[Dataset items]
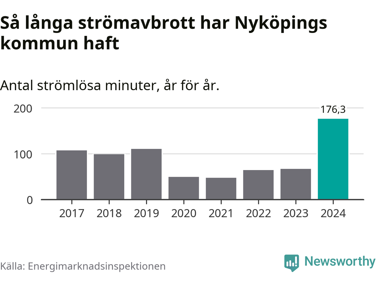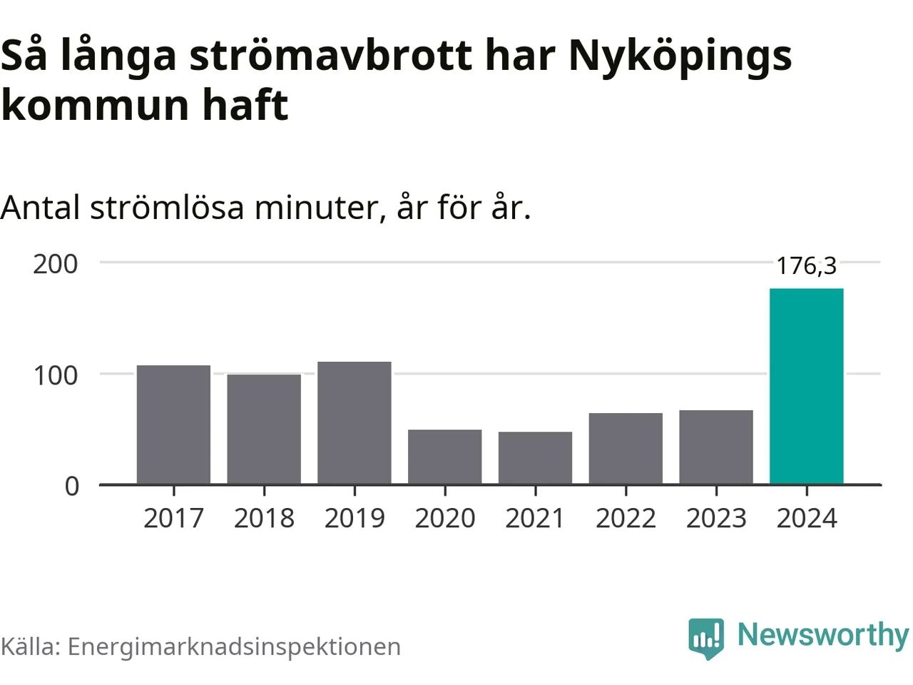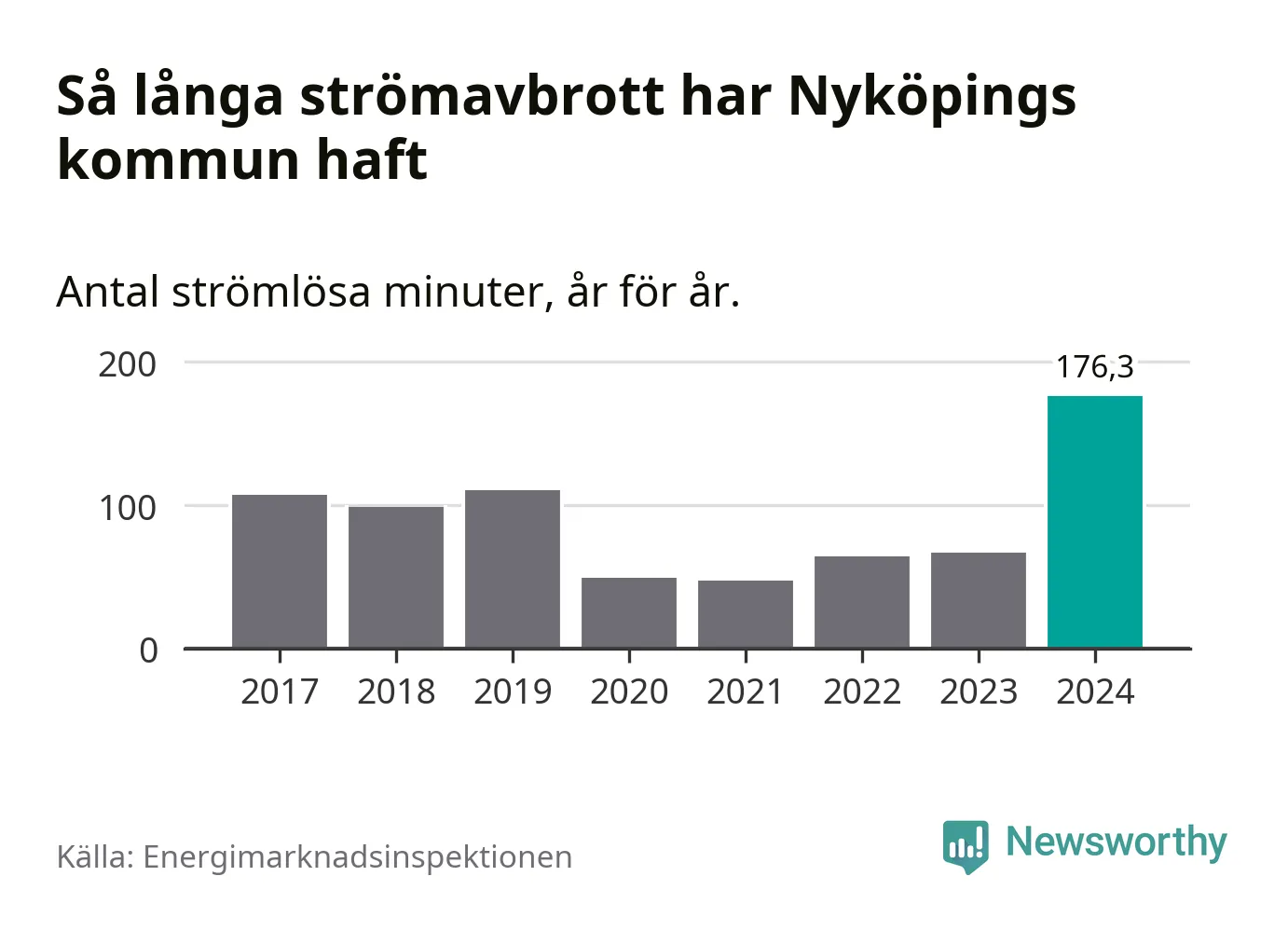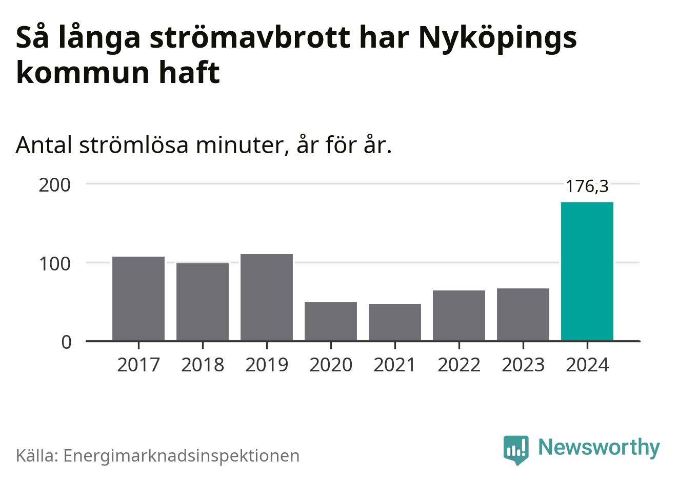Antalet strömavbrott och total strömlös tid varierar från år till år i Nyköpings kommun. Mest tid utan ström (i alla fall under perioden 2017–2024) fick Nyköpingsborna genomleva under 2024 – två timmar och 56 minuter. Det är en timme och 34 minuter längre än under ett normalår.
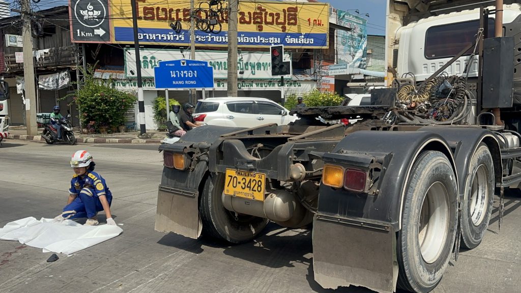 อำเภอนางรอง/รถจอดรอไฟแดงบีบแตรระเสียงดังสนั่นกลางสี่แยก หลังเห็นรถสิบล้อหัวลากกำลังเคลื่อนเหยียบรถมอเตอร์ไซค์ที่จอดอยู่หน้ารถแต่คนขับไม่เห็นสิบล้อค่อยๆทับรถและร่างคนจนหัวขาดสยดสยองต่อหน้าผู้ใช้รถใช้ถนน แม่สามีคนตายเผยลูกสะใภ้ ออกจากบ้านไปรอยืนยันตัวตนกับโครงการคนละครึ่ง 2 รอบ รอบนี้โชคร้าย
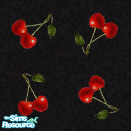 Red cherry pattern on a black plush carpet
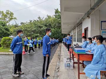 【#云南瑞丽学生边看书边排队测核酸#】云南省瑞丽市政府13日发布消息,瑞丽结合疫情形势和学校条件,通过封闭管理复学、智慧课堂建设、个性化复学等举措,有序、安全、分步推进复学工作,目前已有8所学校5200名学生实现复学。13日上午,瑞丽市第一民族中学组织学生进行核酸检测,记者在校园里看到,高三学生统一佩戴口罩,边看书边有序排队做核酸检测。(记者林碧锋)
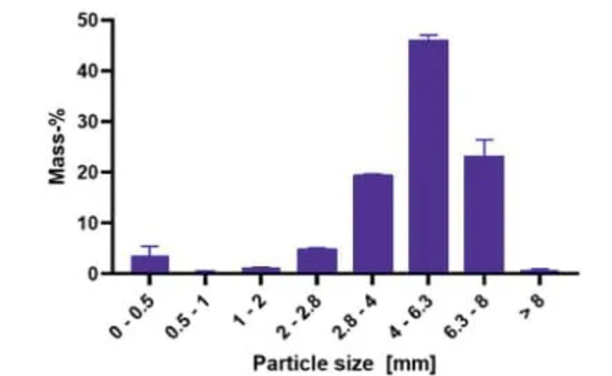 粒度大小分布是影響顆粒狀無機鹽性能的關鍵參數,過多的細小顆粒會增加試劑結塊的風險,從而減弱顆粒狀無機鹽的產品優勢。EMSURE®級顆粒狀無機鹽的一個顯著產品特色是其精確控制的粒度大小分布,主要通過優化干法輥壓制粒生產工藝實現。如下圖2所示,大多數顆粒大小控制在4.0-6.3毫米范圍內,占45%以上。另外約20%的顆粒在2.8-4.0毫米和6.3-8.0毫米的粒徑內,形成了較為集中的粒度大小分布(極少數的細小顆粒<1 mm和超大顆粒>8 mm)。

◆ **Work required**: A word-for-word copy of the records is needed, with no pictures carried over.

◆ **Solution to the problem**:
Antalet strömavbrott och total strömlös tid varierar från år till år i Nyköpings kommun. Mest tid utan ström (i alla fall under perioden 2017–2024) fick Nyköpingsborna genomleva under 2024 – två timmar och 56 minuter. Det är en timme och 34 minuter längre än under ett normalår.
 อำเภอนางรอง/รถจอดรอไฟแดงบีบแตรระเสียงดังสนั่นกลางสี่แยก หลังเห็นรถสิบล้อหัวลากกำลังเคลื่อนเหยียบรถมอเตอร์ไซค์ที่จอดอยู่หน้ารถแต่คนขับไม่เห็นสิบล้อค่อยๆทับรถและร่างคนจนหัวขาดสยดสยองต่อหน้าผู้ใช้รถใช้ถนน แม่สามีคนตายเผยลูกสะใภ้ ออกจากบ้านไปรอยืนยันตัวตนกับโครงการคนละครึ่ง 2 รอบ รอบนี้โชคร้าย
 Red cherry pattern on a black plush carpet
 【#云南瑞丽学生边看书边排队测核酸#】云南省瑞丽市政府13日发布消息,瑞丽结合疫情形势和学校条件,通过封闭管理复学、智慧课堂建设、个性化复学等举措,有序、安全、分步推进复学工作,目前已有8所学校5200名学生实现复学。13日上午,瑞丽市第一民族中学组织学生进行核酸检测,记者在校园里看到,高三学生统一佩戴口罩,边看书边有序排队做核酸检测。(记者林碧锋)
 粒度大小分布是影響顆粒狀無機鹽性能的關鍵參數,過多的細小顆粒會增加試劑結塊的風險,從而減弱顆粒狀無機鹽的產品優勢。EMSURE®級顆粒狀無機鹽的一個顯著產品特色是其精確控制的粒度大小分布,主要通過優化干法輥壓制粒生產工藝實現。如下圖2所示,大多數顆粒大小控制在4.0-6.3毫米范圍內,占45%以上。另外約20%的顆粒在2.8-4.0毫米和6.3-8.0毫米的粒徑內,形成了較為集中的粒度大小分布(極少數的細小顆粒<1 mm和超大顆粒>8 mm)。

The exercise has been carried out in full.